WORK ITEM.
Your answer must be an exact copy of the records, with no pictures included.

EXTRACTED RECORDS.
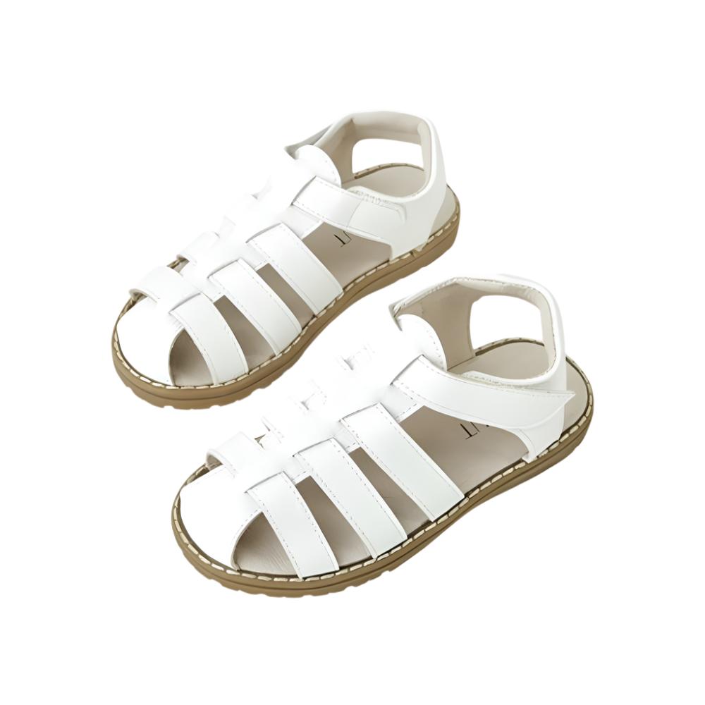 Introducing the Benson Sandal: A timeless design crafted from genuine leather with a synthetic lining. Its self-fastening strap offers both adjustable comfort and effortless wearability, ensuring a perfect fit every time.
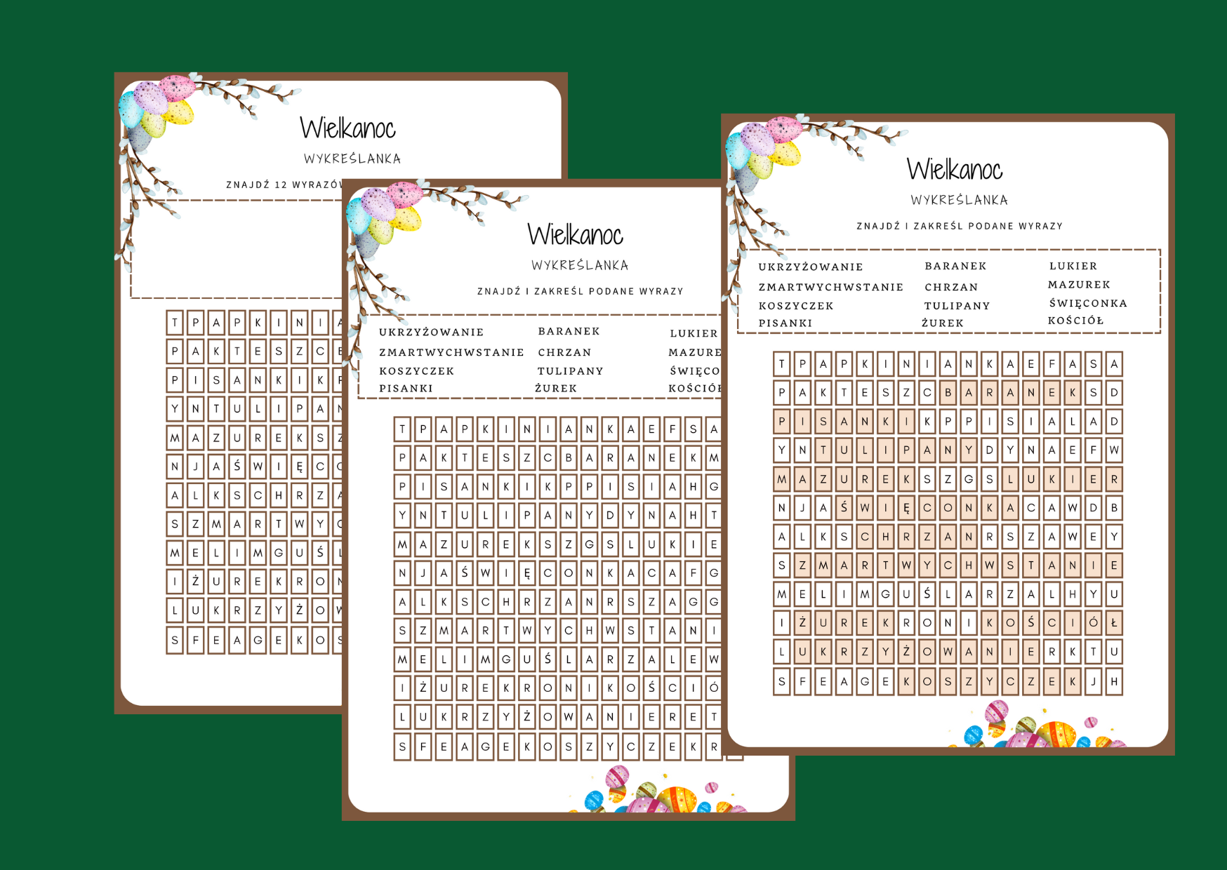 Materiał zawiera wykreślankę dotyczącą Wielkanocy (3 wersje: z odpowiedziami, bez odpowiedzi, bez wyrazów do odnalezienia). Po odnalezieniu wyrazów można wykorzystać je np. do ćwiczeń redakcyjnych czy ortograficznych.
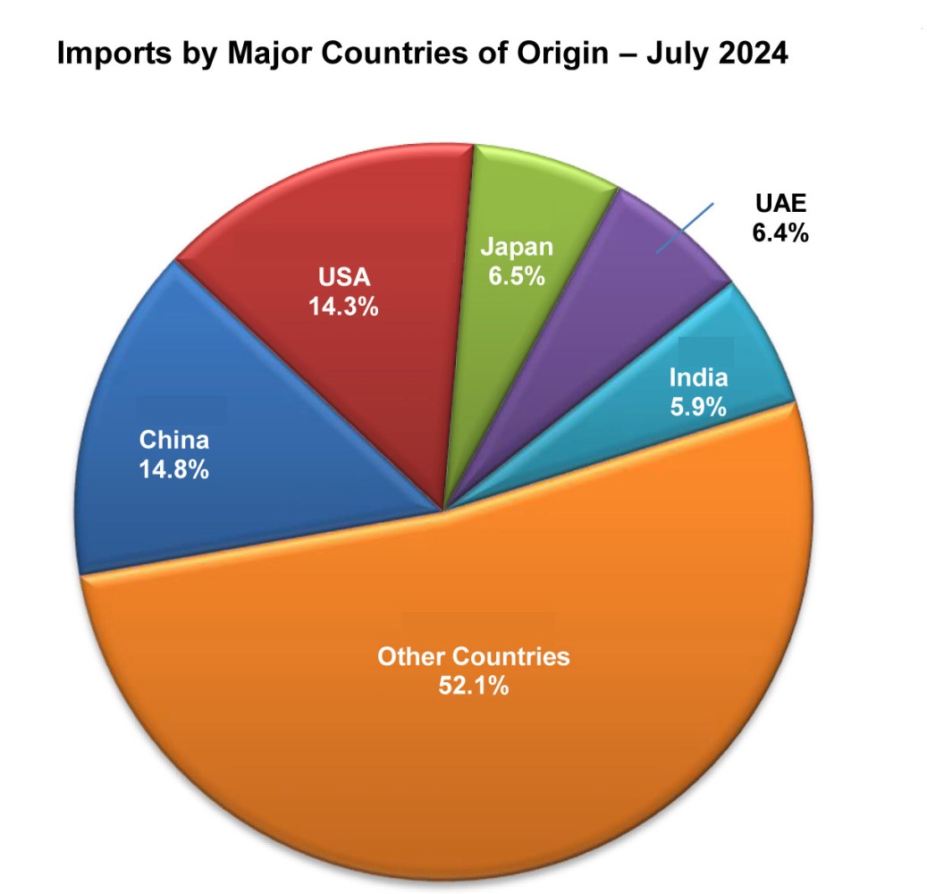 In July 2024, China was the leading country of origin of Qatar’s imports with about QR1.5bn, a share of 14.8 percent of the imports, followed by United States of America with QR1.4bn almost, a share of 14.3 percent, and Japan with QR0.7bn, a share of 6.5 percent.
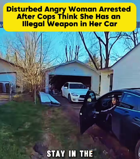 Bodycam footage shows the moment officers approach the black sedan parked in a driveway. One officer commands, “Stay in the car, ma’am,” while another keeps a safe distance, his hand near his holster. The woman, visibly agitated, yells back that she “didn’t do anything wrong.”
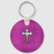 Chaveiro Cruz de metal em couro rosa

REPLY.
 Introducing the Benson Sandal: A timeless design crafted from genuine leather with a synthetic lining. Its self-fastening strap offers both adjustable comfort and effortless wearability, ensuring a perfect fit every time.
 Materiał zawiera wykreślankę dotyczącą Wielkanocy (3 wersje: z odpowiedziami, bez odpowiedzi, bez wyrazów do odnalezienia). Po odnalezieniu wyrazów można wykorzystać je np. do ćwiczeń redakcyjnych czy ortograficznych.
 In July 2024, China was the leading country of origin of Qatar’s imports with about QR1.5bn, a share of 14.8 percent of the imports, followed by United States of America with QR1.4bn almost, a share of 14.3 percent, and Japan with QR0.7bn, a share of 6.5 percent.
 Bodycam footage shows the moment officers approach the black sedan parked in a driveway. One officer commands, “Stay in the car, ma’am,” while another keeps a safe distance, his hand near his holster. The woman, visibly agitated, yells back that she “didn’t do anything wrong.”
 Chaveiro Cruz de metal em couro rosa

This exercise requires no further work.